The voice of singer Solomon Burke, the “Bishop of Soul,” wailed and preached from the Chilmark Community Center rafters Thursday night as the Martha’s Vineyard Author Series welcomed Peter Guralnick.

After a deeply researched, two-volume Elvis Presley biography and a series of acclaimed books on Black musicians, Mr. Guralnick looks back on his unlikely career in his latest book, Looking to Get Lost: Adventures in Music and Writing.

“I wanted to be a writer, from the time I was a little kid,” Mr. Guralnick told the audience, during an onstage conversation with University of South Carolina professor Patricia Sullivan.

Two chance encounters at the end of the 1950s, when he was in his mid-teens, set the course for what would become a lifetime of writing about music, Mr. Guralnick said. The first was Ernest Hemingway’s 1958 interview in the Paris Review.

Mr. Guralnick's new book is titled, Looking to Get Lost: Adventures in Music and Writing. — Ray Ewing

“He talked about his commitment to writing every day, no matter what he did the night before, no matter what he planned to do the following night. The important thing was to write every day, and he did, [and] if he got 500 words, that was really great,” Mr. Guralnick recalled.

“I decided, okay... I may not be as good as Hemingway. But I could write 500 words a day, and I committed myself at 15 to writing every day, no matter what else happened,” he said.

Also at 15, the aspiring writer found his subject matter when a friend’s big brother returned to Boston from the Newport Folk Festival with a handful of blues LPs.

“We were just totally flipped by it,” Mr. Guralnick said of the music — by artists like Lightnin’ Hopkins, Leadbelly and Big Bill Broonzy. That sounded like nothing he’d ever heard before, and continues to inspire him a lifetime later.

“The blues was what turned me on to everything. I just never looked back... To this day, it remains something which is a compelling interest,” he said.

“I wrote about it, initially, because I was passionate about it. And I continue to be just as interested in Muddy Waters and Howlin’ Wolf, or Johnny Shines, or, you know, Bill Monroe,” Mr. Guralnick said, listing a bluegrass patriarch among the blues legends.

“I can’t explain it. I mean, it’s a music that has gone around the world,” Mr. Guralnick continued.

Blues music has been stigmatized as a relic of segregation and oppression. But that color line did not exist among the musicians themselves, Mr. Guralnick told the audience. For instance, he said, the eerie vocals of Howlin’ Wolf (Chester Arthur Burnett) are a direct gift from early country singer Jimmy Rodgers, who sang at the plantation where the teenaged Burnett worked and — noting the youngster’s interest — gave him a yodeling tutorial.

“Wolf said, ‘And that’s where I got my howl from,’” he said.

Howlin’ Wolf himself considered Elvis Presley a peer, calling him “that blues singer from Memphis ... who went to Hollywood,” Mr.
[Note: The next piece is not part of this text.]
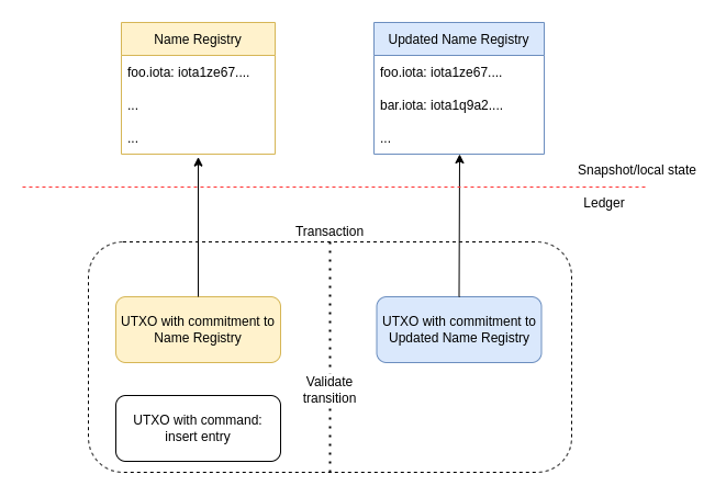 When the network processes this transaction, it applies the command in the white UTXO to the off-chain stored name registry (yellow), and checks whether the commitment of the updated name registry in the blue UTXO is valid. If not, the transaction is deemed invalid.

Guralnick said.

While delighting the Chilmark audience with anecdotes from his work, which often included shadowing musicians through their days and nights, Mr. Guralnick also talked about how he writes his in-depth profiles.

“I try never to leave the moment,” he said, whether he’s writing about living artists or historical figures like Cooke and Presley. “I’m not interested in what the world thinks of Elvis,” Mr. Guralnick said. “What I’m interested in is what was Elvis’s experience. ...“Any writing involves total immersion, and if you don’t give it everything you have... don’t bother. It’s not worth it,” Mr. Guralnick said.

“That goes for anything,” he added.

The author series continues at the community center Thursday with cookbook author Eric Kim, followed on July 28 by former U.S. attorney general Eric Holder.